Collection: Well, Ernst Wilhelm

* June 11, 1902 Berlin - † April 8, 1968 Cologne

biography

Ernst Wilhelm Nay was born in Berlin in 1902 and dropped out of an apprenticeship as a bookseller after graduating from high school. He started painting as a schoolboy, portraying his mother and sister. The 23-year-old self-taught artist's "Portrait of Franz Reuter" caused a stir at the spring exhibition at the Berlin Academy of Arts among works by Kirchner and Kokoschka. Carl Georg Heise, director of the Lübeck and later Hamburg art collections, became aware of the young artist whose early figurative work was somewhere between late expressionism and the academy style. A scholarship arranged by Heise enabled Nay to travel to Bornholm in 1930. The pictures created during this time already announced Nay's departure from academism. The rise to power of the National Socialists increasingly threatened his existence as an artist. His painting was considered “degenerate”. In 1937 the Nazis had his works removed from museums and banned him from working. In the same year, Nay traveled to Lofoten following an invitation from Edvard Munch. The stay became an artistic turning point for Nay.

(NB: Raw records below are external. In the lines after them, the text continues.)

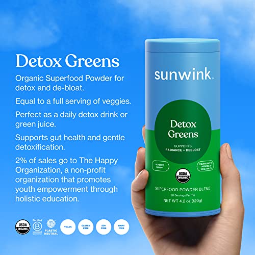 Sunwink Detox Powdered Greens – Organic Greens SuperFood Powder for Debloat – Super Greens Powder w/Celery, Dandelion, Spirulina – Daily Greens Powder for Gentle Detox – 4.2 oz (20 Servings)
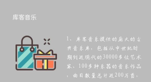 1、库客音乐提供的庞大的古典音乐库,包括从中世纪时期到近现代的30000多位艺术家、100多种乐器的音乐作品,曲目数量总计近200万首,内容涵盖欧洲各音乐时期音乐作品、各类不同
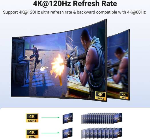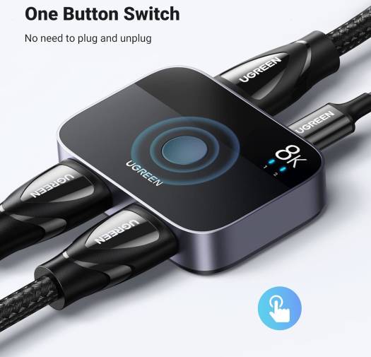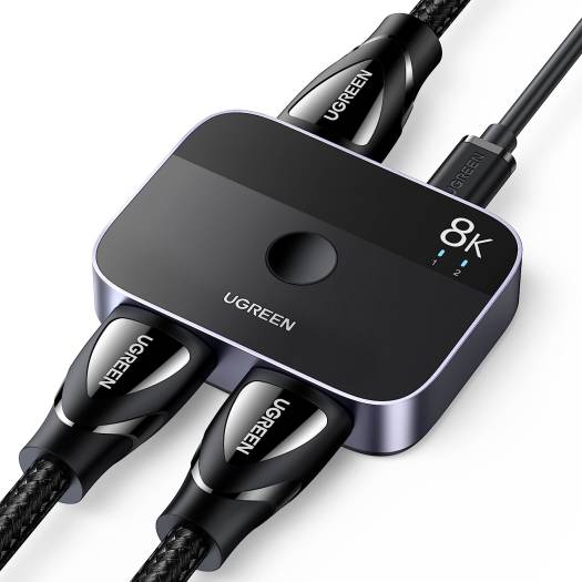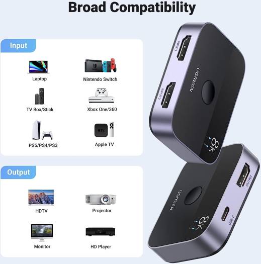 UGREEN 8K Bi-directional HDMI Switch Higher Quality Resolution – Our HDMI 2.1 switch supports the latest 8K@60hz, 4K@120hz, 1080P@240Hz resolutions, giving you the best resolution for your viewing pleasure. It’s backward compatible & supports HDMI 2.1/2.0/1.4, VRR and Dynamic HDR Chroma 4:2:0 / 4:2:2 / 4:4:4. Also it’s Dolby Vision & HDCP2.3 compliant. All HDMI ports support HDR/3D, but only HDMI in 1 supports CEC function. Tip: If you want 8K@60HZ, the HDMI 2.1 cable should be input within 2M and output within 3M. 2 in 1 out HDMI Switch – UGREEN 2 in 1 out HDMI switch allows connecting 2 input devices such as PS5, XBOX, PC with your output device such as monitor, HDTV or projector for video output, which saves the plug and re-plug, easily switching between the 2 devices with one button. The HDMI 2 in 1 out video switch is a good choice for home entertainment and office. 1 in 2 out HDMI Splitter – The 2 way HDMI selector also works as HDMI Splitter, enables you to connect your major d
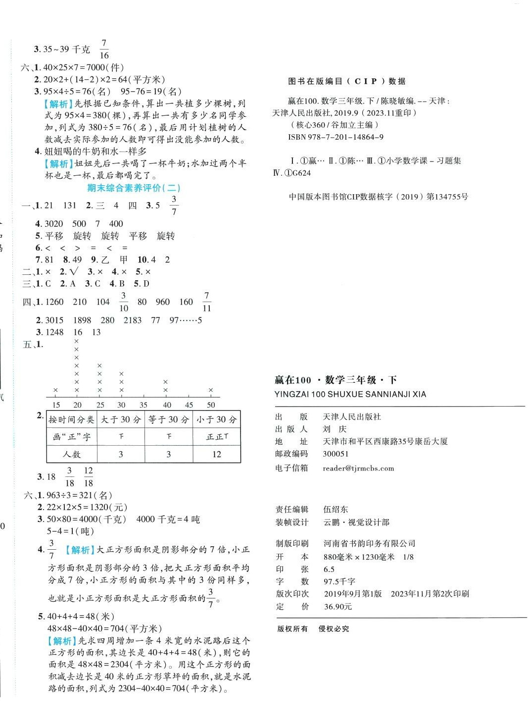 注:目前有些书本章节名称可能整理的还不是很完善,但都是按照顺序排列的,请同学们按照顺序仔细查找。练习册 2024年赢在100三年级数学下册北师大版 答案主要是用来给同学们做完题方便对答案用的,请勿直接抄袭。
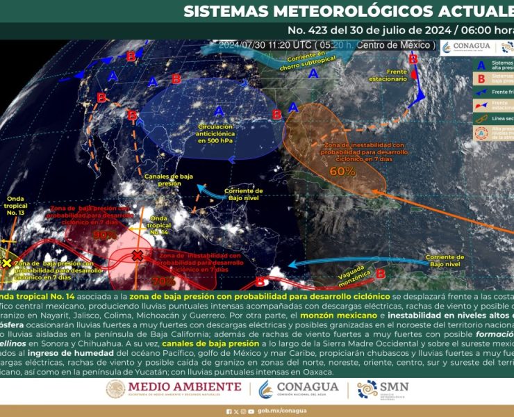 El Servicio Meteorológico Nacional (SMN) prevé para este día, la onda tropical No. 14 asociada a la zona…
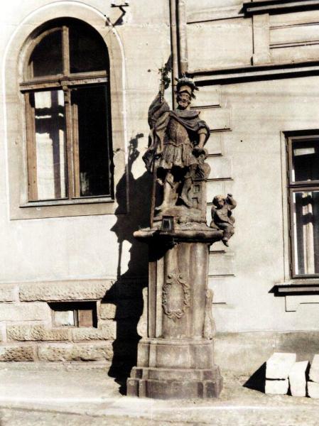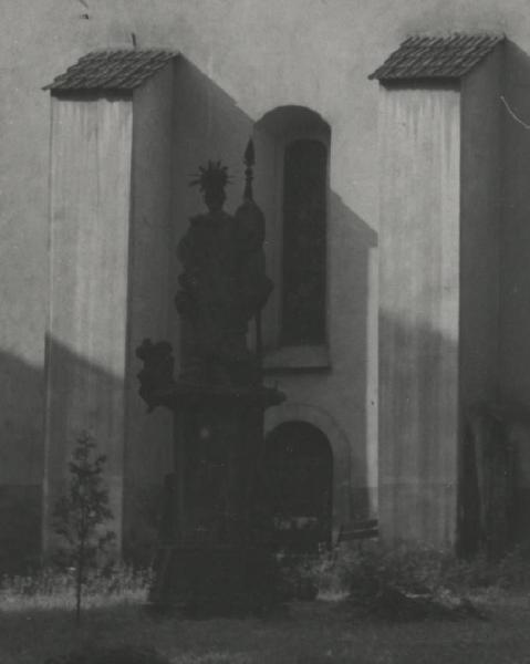 Detail fotografie z roku 1963, která dokládá přítomnost sochy sv. Floriána u kostela sv. Jošta
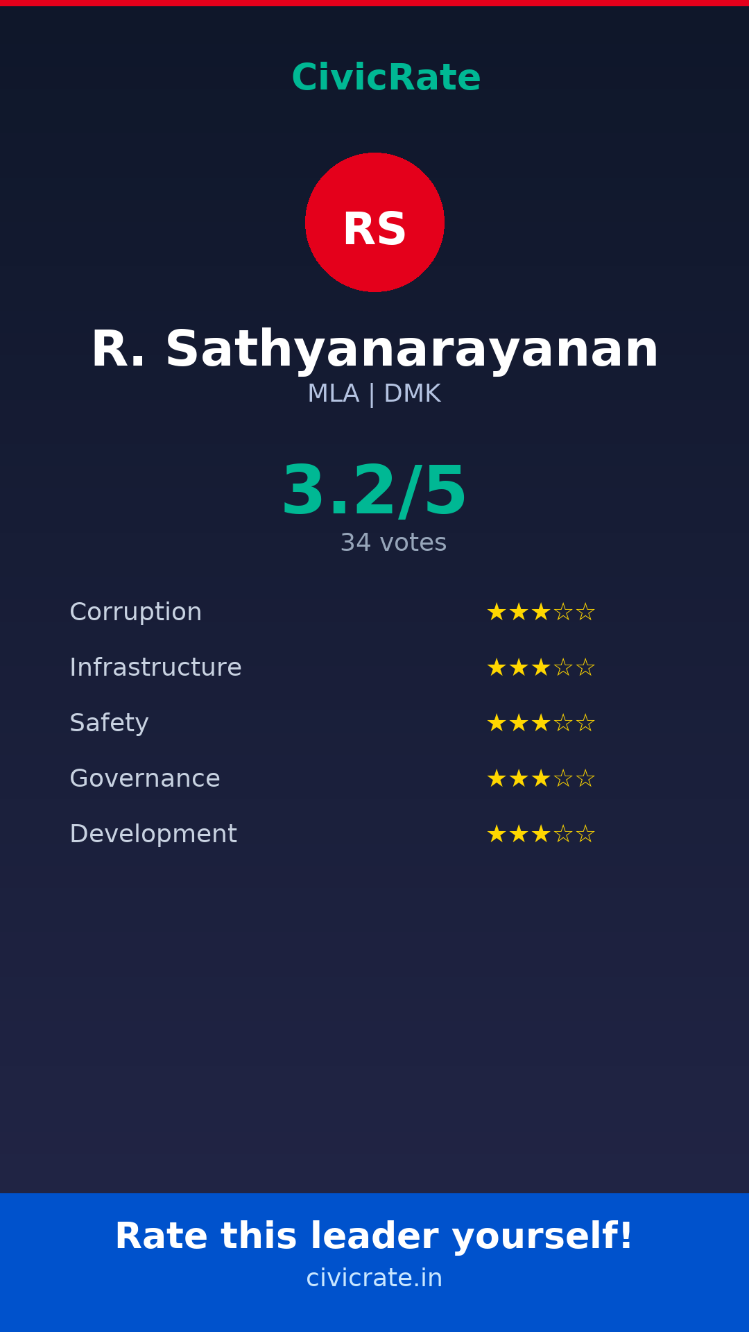 R. Sathyanarayanan (MLA, DMK) has an overall citizen rating (CR Score) of 3.2/5 based on 34 anonymous votes on CivicRate. The score covers 5 parameters: Corruption Perception, Infrastructure, Safety, Governance, and Development.
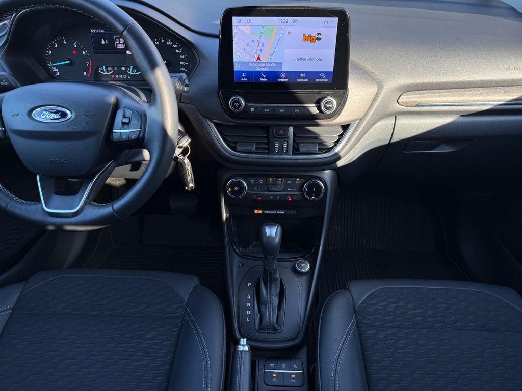 Ambiente-Beleuchtung vorn (LED), Antischlupfregelung (ASR), Audio-Navigationssystem Ford mit AppLink, Außenspiegel elektr. anklappbar, Außenspiegel elektr. verstell- und heizbar, Bordcomputer, Dachhimmel Stoff, Eco-Anzeige für verbrauchsoptimiertes Fahren (EcoCoach), Einparkhilfe hinten, Fahrassistenz-System: Berganfahr-Assistent (Hill-Holder), Fahrassistenz-System: Falschfahrer-Warnfunktion, Fahrassistenz-System: Fernlichtassistent (Scheinwerfer mit Abblendautomatik), Fahrassistenz-System: Notbrems-Assistent, Fahrassistenz-System: Post-Collision-System, Fahrassistenz-System: Pre-Collision-System, Fahrassistenz-System: Spurhalteassistent mit Müdigkeitserkennungs-Sensor, Fahrassistenz-System: Verkehrsschildassistent, Fensterheber elektrisch vorn + hinten mit Komfortschließung, FordPass Connect inkl. eCall, Fußmatten Teppich, Getriebe 7-Gang - Doppelkupplungsgetriebe, Heckleuchten LED, Innenraumfilter: Staub- und Pollenfilter, Intelligent Protection System (IPS), Intelligenter Geschwindigkeits-Begrenzer, Isofix-Aufnahmen für Kindersitz, Karosserie: 5-türig, Komfort-Paket, Kopfstützen hinten mechan. verstellbar (3 Stück), Laderaumboden variabel (Ford Megabox), Lendenwirbelstütze Sitz vorn links, Lenksäule (Lenkrad) höhen-/längsverstellbar, LM-Felgen, Mild-Hybrid 114 kW (Motor 1,0 Ltr. - 114 kW EcoBoost), My Key (2. Fahrzeugschlüssel programmierbar), Nebelscheinwerfer LED, Otto-Partikelfilter (OPF), Radstand 2588 mm, Reifen-Reparaturkit, Reifendruck-Kontrollsystem, Rücksitzlehne geteilt/klappbar (60:40), Schadstoffarm nach Abgasnorm Euro 6d, Scheinwerfer LED, Scheinwerfer-Assistent mit Tag-/Nachtsensor, Sitze vorn höhenverstellbar, Sonnenblende links mit Spiegel (beleuchtet), Sonnenblende rechts mit Spiegel (beleuchtet), Sportsitze vorn, Start/Stop-Anlage, Türgriffe außen Wagenfarbe, Verglasung hinten abgedunkelt (Privacy Glass)
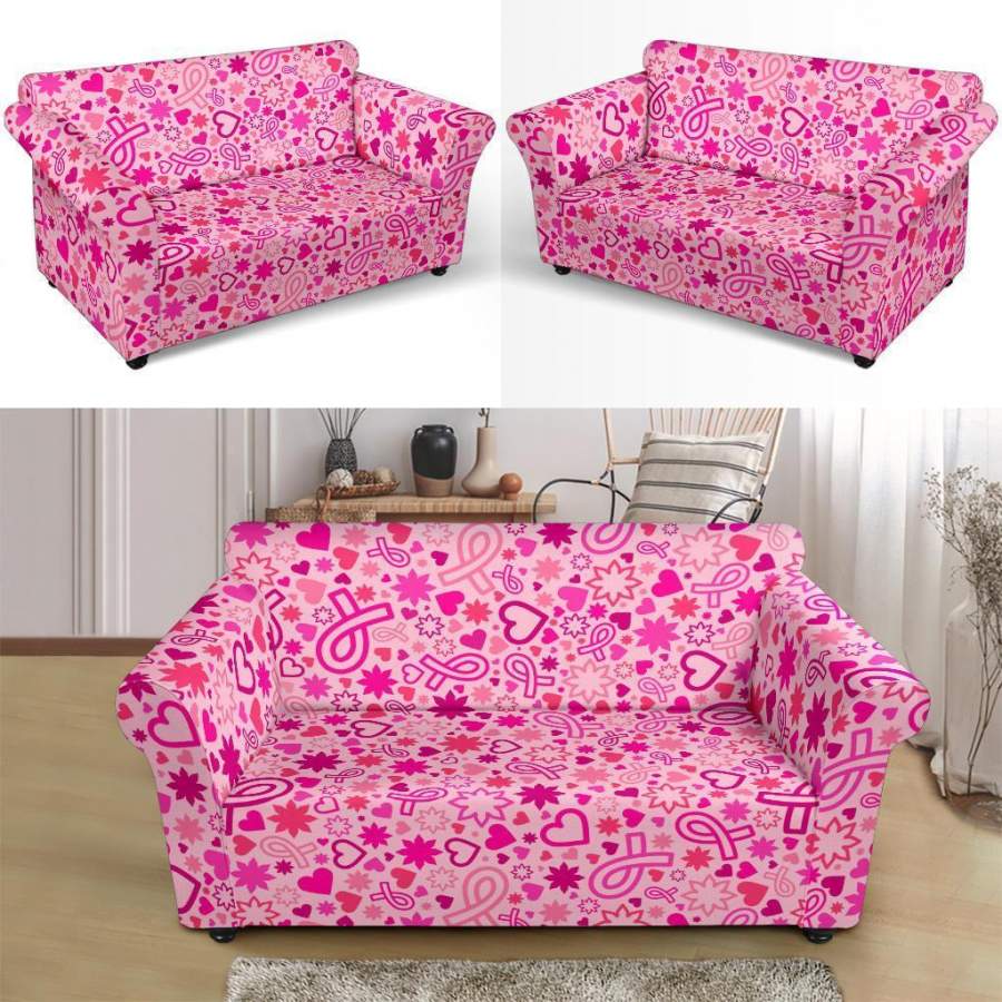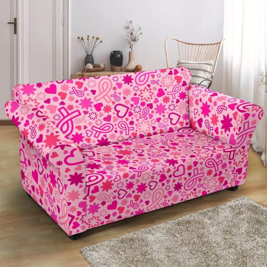 Pattern Print Breast Cancer Awareness Pink Ribbon Loveseat Cover

Here he found his style, gradually moving away from the representational and figurative and turning to large color fields. "In the bright nights, the first dynamic-rhythmic designs emerged from the fermatas of the mountainous sea islands, which later - independent of the subject matter - would become the main spiritual theme of my art," he noted in 1961. Back from Norway, Nay survived the Second World War as a map artist France. After 1945, the actually abstract phase of his painting began, the highlight of which is the so-called “disc paintings”. In ever new variations, Nay created his symphonies of expressive color circles. They established his international fame and at the same time form the actual core of his oeuvre. At the height of his career - during the "documenta" in 1964 - critical voices were of course also loud: Nay was arbitrary, decorative, simple. The artist reacted hurt, but continued to paint consistently. In the last years of his work he reduced the colors and simplified the forms. On April 8, 1968, he died of a heart attack in Cologne at the age of 65. His place in art history is undisputed today.